Microtechnology benefits enormously from the simple fact that every step in the fabrication and assembly process can be guided by ordinary vision. At the most, one needs only a common light microscope.

An emerging method of microtechnology production uses modified ink-jet computer printers. The jets deposit liquids containing polymers or powders of solid materials such as metals and ceramics. The drops form a layer that solidifies by evaporation of the solvent, by chemical reaction, or by laser-beam heating. Complex three-dimensional shapes are built up layer by layer to form a completed array of parts that may be further hardened by heating.

Arrays of hollow probes can assemble devices with multiple parts, adding each part simultaneously to an array of partially assembled devices. The probes can pick the parts up by applying a slight vacuum, then deposit them on the growing devices with positive air pressure. Probes equipped with MEMS micro-grippers are another possibility for such pick-and-place assembly of microdevices.

Microtechnology will move forward like standard technology, primarily by small steps that improve existing products in cost, reliability, and function. Products will become smaller and more numerous and decrease in cost in the same way microelectronics has.

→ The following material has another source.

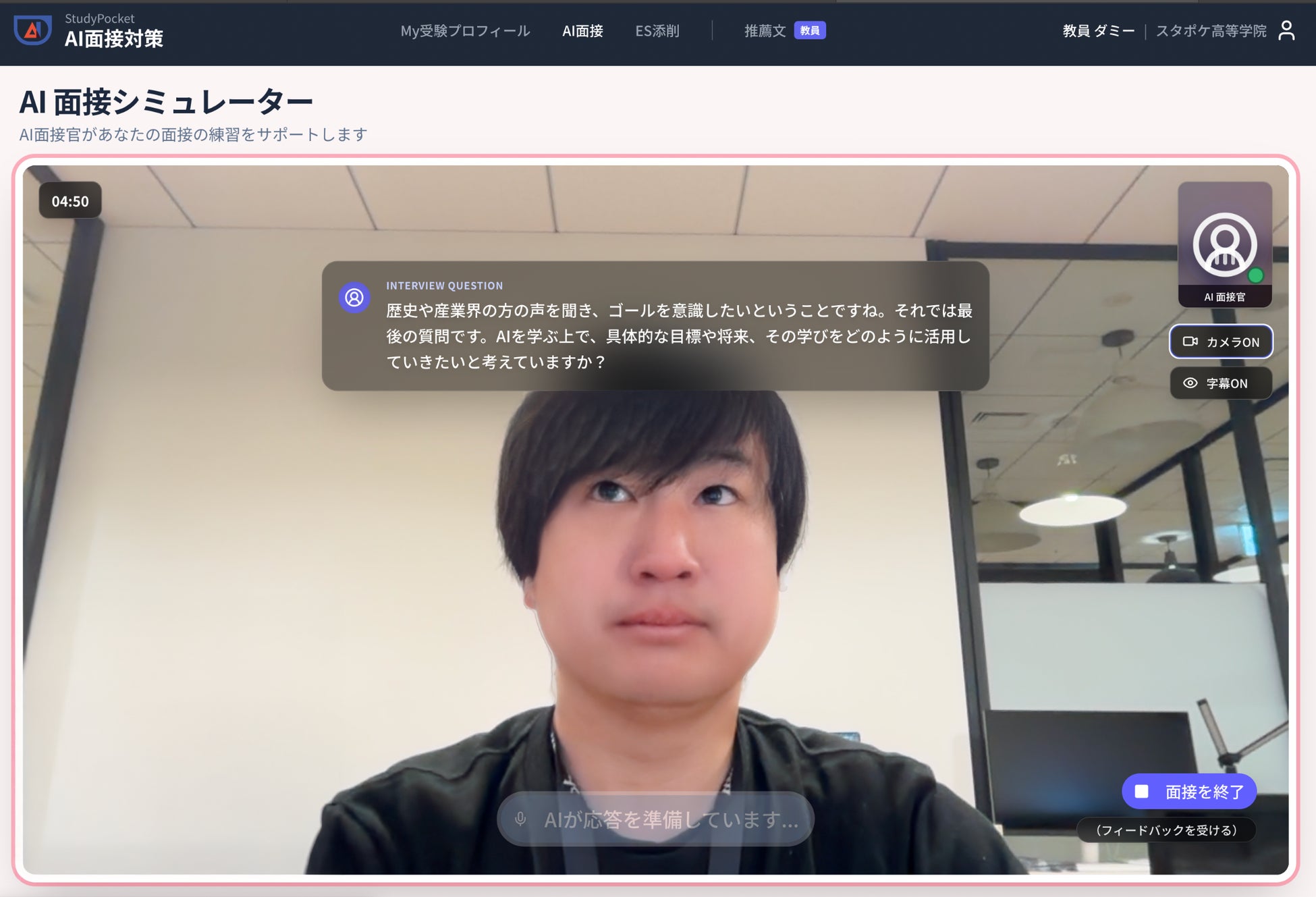 スタディポケット株式会社(本社:東京都千代田区、代表取締役:山地瞭/鶴田浩之、以下「スタディポケット」)は、学校向け生成AIサービス「スタディポケット for STUDENT、for TEACHER」において、AIと音声・ビデオで対話しながら模擬面接ができる新機能「スタディポケット AI面接対策」の体験版を、本日2026年1月15日より順次、提供開始いたします。また、合わせて特設サイト ( https://career.studypocket.ai ) を公開いたしました。

When Microtechnology And Biology Meet

When reliable devices reach sizes of around 10 microns, they will enter the range of biological design--the "natural" size of typical human cells. Products in this range will effectively merge the biological world with the manufactured world.

Most human cells range in size from 10 microns upward, easily visible in considerable detail by a standard light microscope. Cells, of course, are extremely complex molecular factories. But they can also be viewed much more simply as biological parts that function much like manufactured devices. Thus, sensory cells for light, sound, touch, pressure, heat, and chemicals correspond to sensors constructed for the same physical phenomena. Muscle cells correspond to actuators, networks of nerve cells to microprocessors. Various brick-, shingle-, and fiber-shaped cells correspond to similar mechanical counterparts. Collagen and elastin, the reinforcing and elastic fibers of the extracellular matrix, have manufactured versions. I coin the word biopart to designate microdevices that have functions similar to cells.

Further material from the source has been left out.